[Opening Input data section]

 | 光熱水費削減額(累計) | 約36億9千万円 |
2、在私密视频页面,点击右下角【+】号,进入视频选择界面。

[Closing Input data section]
[Opening Input data section]

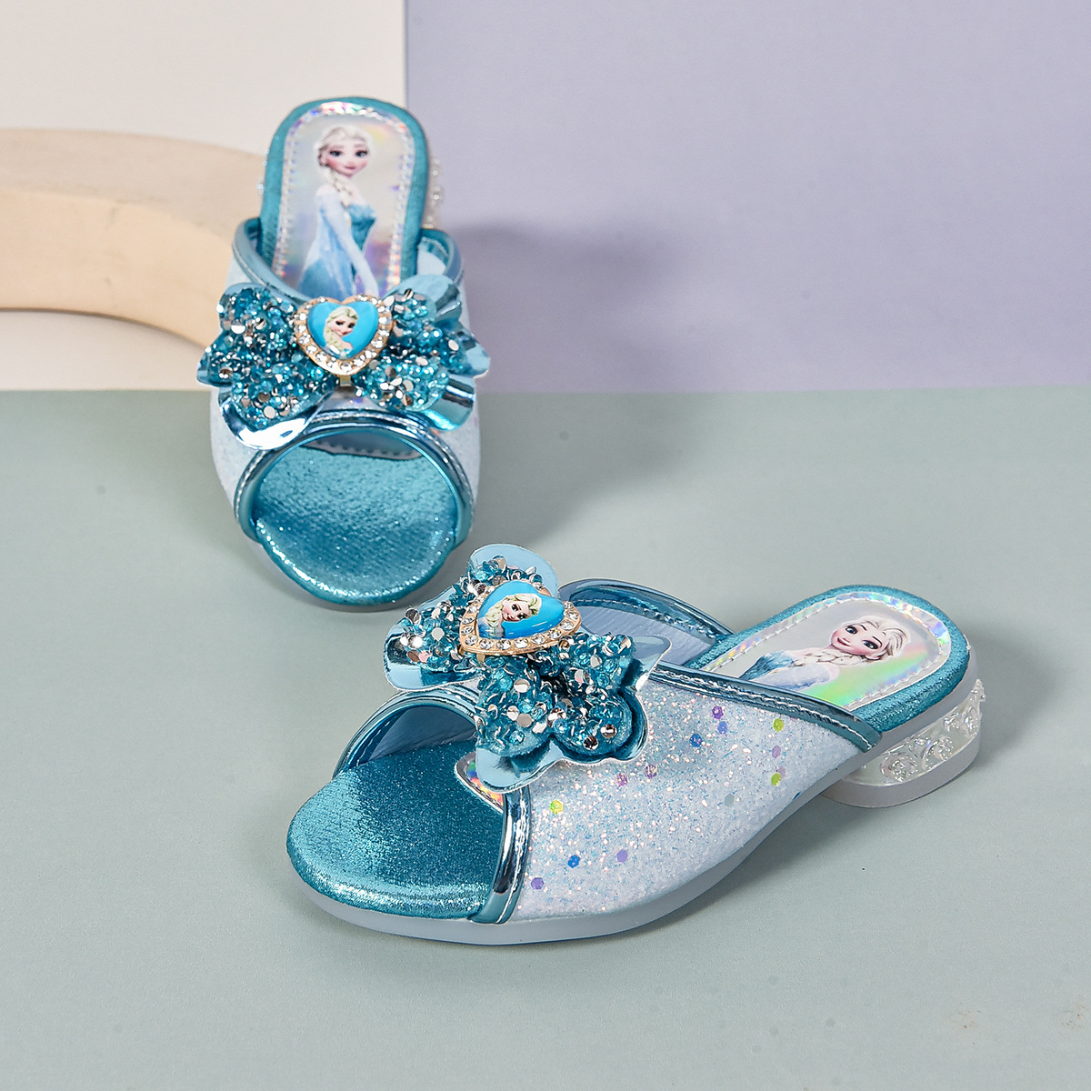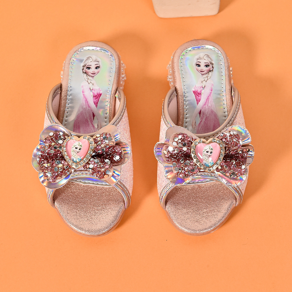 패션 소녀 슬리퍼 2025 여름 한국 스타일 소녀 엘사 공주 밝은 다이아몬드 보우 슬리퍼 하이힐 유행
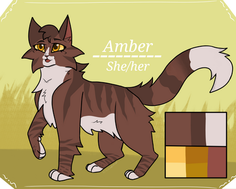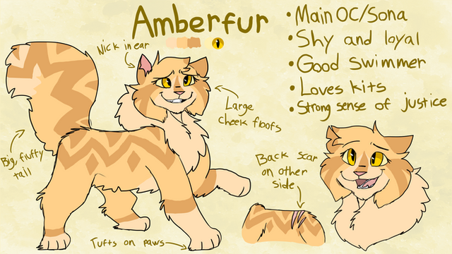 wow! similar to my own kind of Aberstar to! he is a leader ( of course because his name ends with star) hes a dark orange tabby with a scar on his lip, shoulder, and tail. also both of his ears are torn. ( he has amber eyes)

[Closing Input data section]

# Task directions
Return only the part above that opens with the line containing "패션 소녀 슬리퍼 2025" and closes with the line containing "wow! similar to", exactly and with both ends, skipping the pictures.

# Response area
 패션 소녀 슬리퍼 2025 여름 한국 스타일 소녀 엘사 공주 밝은 다이아몬드 보우 슬리퍼 하이힐 유행
 wow! similar to my own kind of Aberstar to! he is a leader ( of course because his name ends with star) hes a dark orange tabby with a scar on his lip, shoulder, and tail. also both of his ears are torn. ( he has amber eyes)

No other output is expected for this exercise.